Traditionally, a “MacGuffin” is a plot device of little importance. It’s what the entire movie revolves around — something everyone is trying to get to and you, as the viewer, haven’t a clue what the hell it’s supposed to be.
There are enough MacGuffins in “In The Loop” to fill a trilogy of suspense films. But that’s the point, isn’t it? Everything in this brilliant British satire revolves around exaggerated MacGuffins that only serve to illustrate how ridiculous the characters are for chasing them. And, of course, because they’re all policy wonks, it’s perfectly realistic.
“In the Loop” follows a crisis in American and British politics being controlled far from the center of power (the president and prime minister are never shown and barely mentioned). The story follows Minister for International Development Simon Foster (Tom Hollander, “Pirates of the Caribbean” series), a semi-confident, yet ultimately spineless MP who gets caught on BBC Radio calling a war in the Middle East “unforeseeable.” The statement quickly turns him into an easy target for everyone else’s political goals.
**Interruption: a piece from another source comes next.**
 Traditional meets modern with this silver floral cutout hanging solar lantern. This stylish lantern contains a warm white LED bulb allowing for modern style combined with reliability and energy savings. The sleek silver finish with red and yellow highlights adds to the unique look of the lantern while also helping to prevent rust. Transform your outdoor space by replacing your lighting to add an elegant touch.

The extremely vulgar Director of Communication for the Prime Minister Malcom Tucker (Peter Capaldi, reprising his role from British sitcom “The Thick of It”) wants him to keep his mouth shut on a war his office is engineering, Assistant Secretary of State Karen Clarke (Mimi Kennedy) and Lt. Gen. George Miller (James Gandolfini) want to use him as a voice of dissent against the coming conflict and his press assistant Toby Wright (Chris Addison) simply wants to make it through his first day on the job.
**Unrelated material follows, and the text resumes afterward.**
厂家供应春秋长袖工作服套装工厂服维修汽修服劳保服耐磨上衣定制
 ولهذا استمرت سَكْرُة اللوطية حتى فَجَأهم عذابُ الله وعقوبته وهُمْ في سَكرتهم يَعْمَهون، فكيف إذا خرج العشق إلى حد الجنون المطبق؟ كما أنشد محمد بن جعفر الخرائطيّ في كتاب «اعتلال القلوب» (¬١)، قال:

Meanwhile, in Washington D.C., Clarke’s assistant Liza Weld (Anna Chlumsky, “My Girl”) is trying to downplay a paper she’s written that, if released to the press, could stop the run up to war, but jeopardize her career in the State Department.
Of course, we never know the full contents of Liza’s paper. Or what Foster’s true thoughts on the war are. Or what the war is about. Or, for that matter, who the war is against. MacGuffins abound.
And frankly, who’d want to focus on such things when the frantic process of political intrigue is staged like a British “Broadcast News” for international diplomacy?
Dialogue is king here, with the shot-for-shot exchanges between Foster, Tucker and their associates doing more for character development in the first major scene than most films do in an entire 90-minute run. The rapid-fire insults and pithy remarks are what drive the film, with Tucker’s at-any-cost command sailing upon waves of f-bombs and equine-phallus references and making him, without a doubt, the breakout comedic force of this film.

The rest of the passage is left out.